Well, you can split the problem down into a set of distances. Since we haven't used enough letters yet, let's label the waypoints as W0 (end point) to WN (starting point). Distance between W0 and W1 will be travelled once, W1...W2 will be travelled three times, W2..W3 will be travelled 5 times, etc. For maximum efficiency, at the waypoint W1, there should be exactly C bananas before the final stretch; before that, at W2 there should be exactly 2C bananas, and at WN-1 there should be exactly (N-1)C bananas.

This breaks down when the number of bananas gets too big, as it can't deliver more than a full load of bananas (as you only travel the last stage once). If you started with, say, a million bananas (a thousand loads - overkill is good in examples) you can do better than that if you are allowed to turn round at the finish and go back for more bananas.

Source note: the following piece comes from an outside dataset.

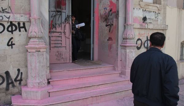 Η πόρτα των δικαστηρίων έγινε ροζ. Όχι, δεν πρόκειται για μία προγραμματισμένη εργασία των ειδικών συνεργείων για αλλαγή χρώματος των δικαστηρίων αλλά για… βανδαλισμό.

I did (before seeing Stephen's post) work out where the single trip strategy breaks down as the perfect strategy (it's basically how many reciprocal odd numbers you need to add to get to one). I didn't attempt working out the new strategy.

This breaks down when the number of bananas gets too big, as it can't deliver more than a full load of bananas (as you only travel the last stage once).

True. I did work out a rough revised strategy for this - you basically turn the problem around, and calculate the distances backwards from the finish line... but they get very big, fast. That's how I calculated the (roughly) 16,000 bananas required to get 3,000 to the finish line. Once you go above 1,000 bananas at the finish, you can set aside 1,000 bananas to get your camel home again, which was troubling me in the original problem.

Aside: the sum if 1/(2x-1) diverges, so you should be able to get any number of bananas to the finish line... at a cost.